He was Santa Rosa's top lawman by day, top scallywag by night: Around the turn of the last century, Charlie Holmes was both Town Marshal and leader of the Squeedunks. It's as if Bruce Wayne split his time between Batman and performing Monty Python skits.

This is the fourth and final chapter in the story of Charles H. Holmes Jr., who was surely among the most...colorful people to come from Santa Rosa. While this article is centered on his Squeedunkery, here we also find how all those loose threads introduced earlier were resolved during the 1910s, when Charlie was in his fifties.

Charlie always craved attention and as a kid he saw the Squeedunk's Fourth of July antics were the biggest hit at the town's celebrations. Having an audience with everyone you ever knew laughing and cheering because of a silly speech seemed an easy route to popularity, and for him it was. The first newspaper item about him appeared in 1894, when the 30 year-old Charlie stood on the corner Fifth and Mendocino streets and yapped about politics and bugs. In keeping with the spirit of nonsense, the editor commented "thunderous applause greeted his apostrophes" and joked he didn't shut up until someone "brought the muzzle of a six-shooter on a level with his open mouth."

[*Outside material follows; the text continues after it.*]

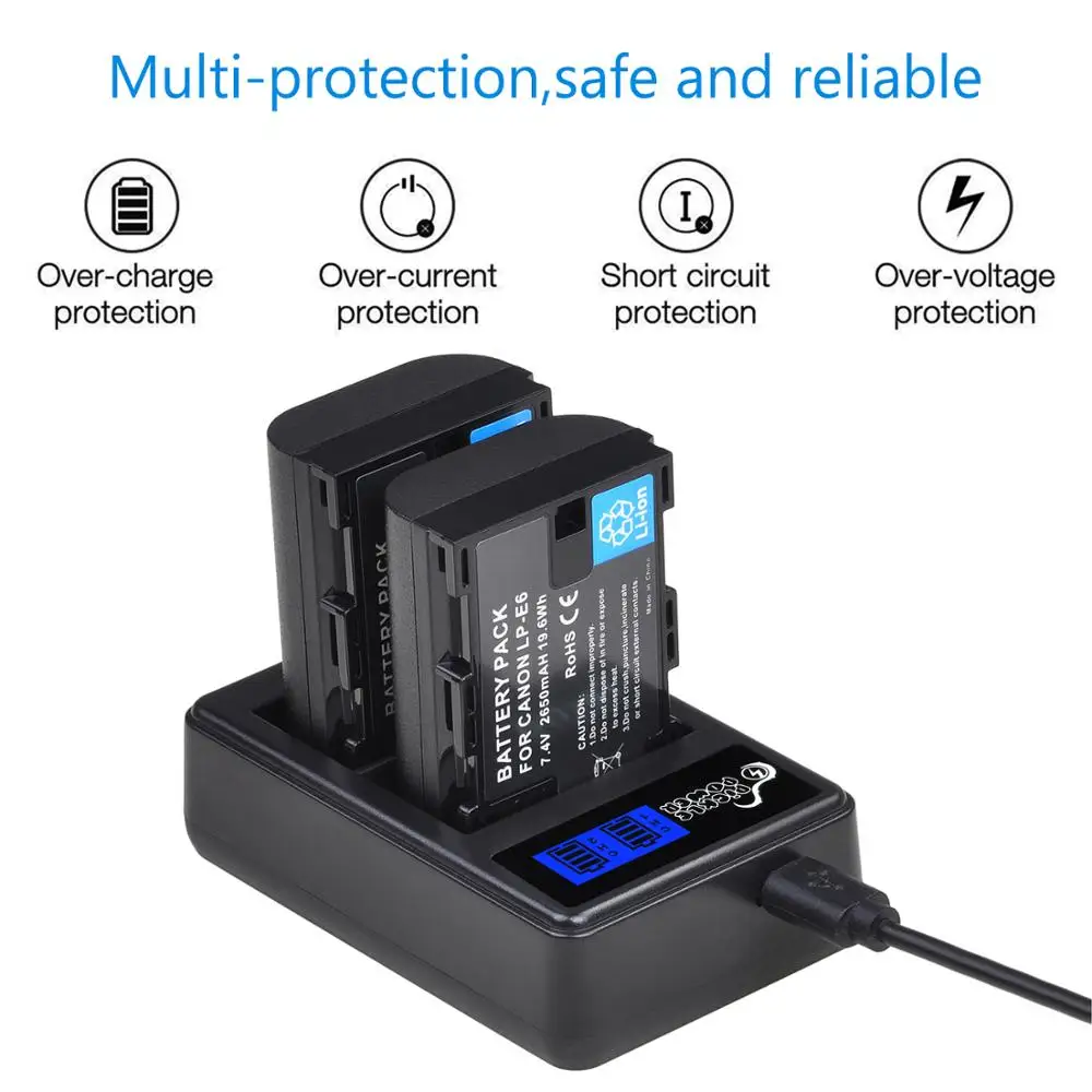 2650mAh LP-E6 LP-E6N камера зарядное устройство набор для Canon 5D Mark II III 7D 60D EOS 6D 70D 80D

Now flash forward six years to 1900. Charles Holmes is a Spanish-American War vet (although his National Guard company never left the Bay Area), elected and then reelected as marshal, a popular afterdinner speaker and comic entertainer, and not the least of it, chairman of the "Ancient Order of Squeeduncks."

The Press Democrat - which adored the Squeedunks and Charlie in equal measure - devoted much coverage to their planning sessions for the upcoming Fourth of July. The meetings were held at City Hall (probably in his marshal's office) and mainly concerned which of the guys would be elected Squeedunk Queen. Dressing in women's clothing was always a major part of the Squeedunk shtick, and that's enough said about that. The most interesting element in those articles is that about two dozen members were named, revealing both how large the group was and how it cut across divisions by age and social status.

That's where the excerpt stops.